Note that the case 7 is not limited to a rectangular cross section, and can be arbitrarily set to have a U-shaped cross section. In addition, the means for fitting the cylinder 12 onto the drive shaft 9 in a non-rotatable but slidable manner in the axial direction is not limited to spline fitting as in the embodiment, but also a means for fitting the cylinder 12 to the drive shaft 9 in a manner such that it is not rotatable but slidable in the axial direction. A key engagement consisting of a key may also be used.

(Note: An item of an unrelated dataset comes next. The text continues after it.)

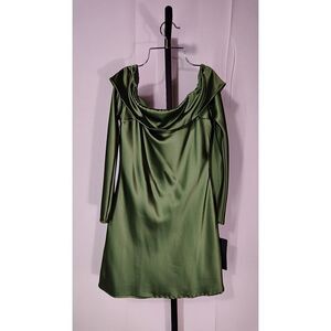 Lulus Luxurious Vision Satin Off-The-Shoulder Mini Dress Green M
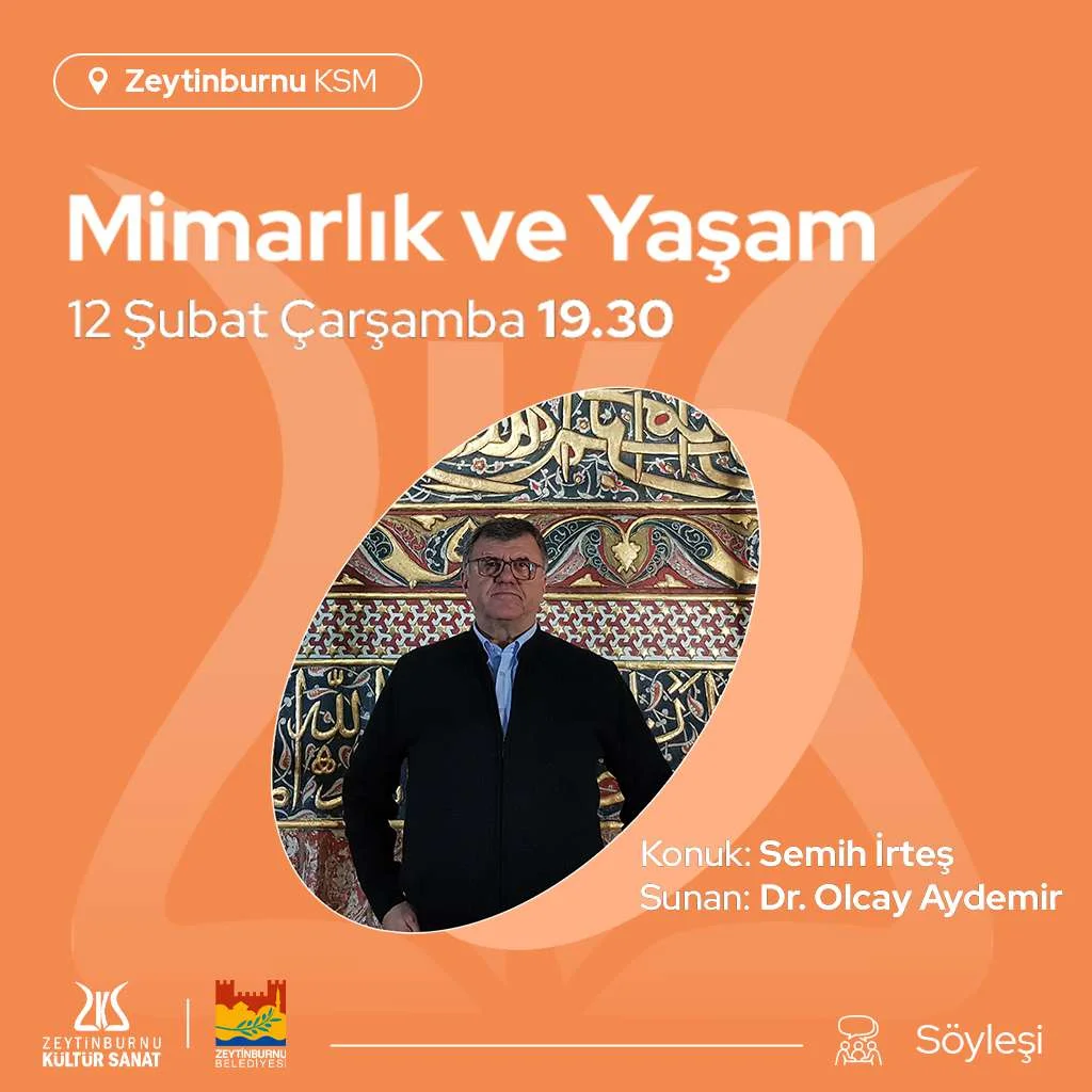Dr. Olcay Aydemir’in sunumuyla Mimarlık ve Yaşam Söyleşileri, Zeytinburnu Kültür Sanat’ta devam ediyor. 12 Şubat Çarşamba akşamı saat 19.30’da gerçekleşen söyleşinin konuğu mimar ve nakkaş Semih İrteş oldu. Söyleşide İstanbul ve Edirne’deki anıtsal yapılar üzerinden Mimar Sinan dönemi kalemişi bezeme sanatı hakkında konuşuldu.

[Brief explanation of drawings]

The drawings show an embodiment of the present invention, and FIG. 1 is a cross-sectional front view showing the main parts, FIG.
The figure is a plan sectional view showing the main parts, and is a cross-sectional view from the - side in Fig. 3, Fig. 3 is a - sectional view from the - side in Fig. 2, and Fig. 4 is an enlarged partially cutaway sectional view of the main part in Fig. 3. Figure 5 is a cross-sectional view of Figure 1, and Figure 6 is a - view of Figure 1.
7 is a partially cutaway side view of the cylindrical body, and FIG. 8 is a side view taken from - in FIG. 7. 1... Legs, 2... Box-shaped frame, 3... Top plate, 4... Lifting legs, 5... Rack, 6... Pinion, 7... Case, 8... Spline, 9... Drive shaft , 10, 11... Bearing, 12... Cylindrical body, 14
... Coil spring, 15 ... Spiral groove, 16 ... Locking hole, 17 ... Stopper means, 18 ... Bolt, 2
1... Engagement hole, 22... Locking pin, 23... Interlocking rod, 24... Lever.

Claims (1)

[Scope of utility model registration request] On a pair of left and right legs erected at appropriate intervals,
A pair of left and right lifting legs projecting downward from the bottom surface of the top plate are provided so as to be movable up and down, and the height of the top plate is adjusted by rotation of a pair of left and right pinion gears that mesh with vertically long racks provided on both the left and right lifting legs. In the adjusting device,
A hollow case is attached between the left and right legs, and a horizontally long drive shaft with both left and right ends protruding from both left and right side surfaces of the case is provided inside the case.
The case is rotatably provided via bearings fixed to both left and right ends of the case, the left and right pinion gears are respectively attached to both left and right ends of the drive shaft, and the drive shaft is attached to a portion of the drive shaft located inside the case. A coil-shaped torsion spring is fitted in the case or bearing to urge the top plate to rotate in the upward direction, and the drive shaft is connected to and disengaged from the case or bearing, so that the drive shaft is in a non-rotatable state and rotates. A stopper means is provided for switching the pinion gear to the available state, and engagement holes are bored at appropriate intervals along the circumferential direction on the side surfaces of both the left and right pinion gears, and the stopper means is provided in the case so that the pinion gear can be moved to the left and right pinion gears at suitable intervals along the circumferential direction. A height adjusting device for a top plate of a desk or the like, characterized in that a locking pin that engages and disengages from the engagement hole of the pinion gear is provided.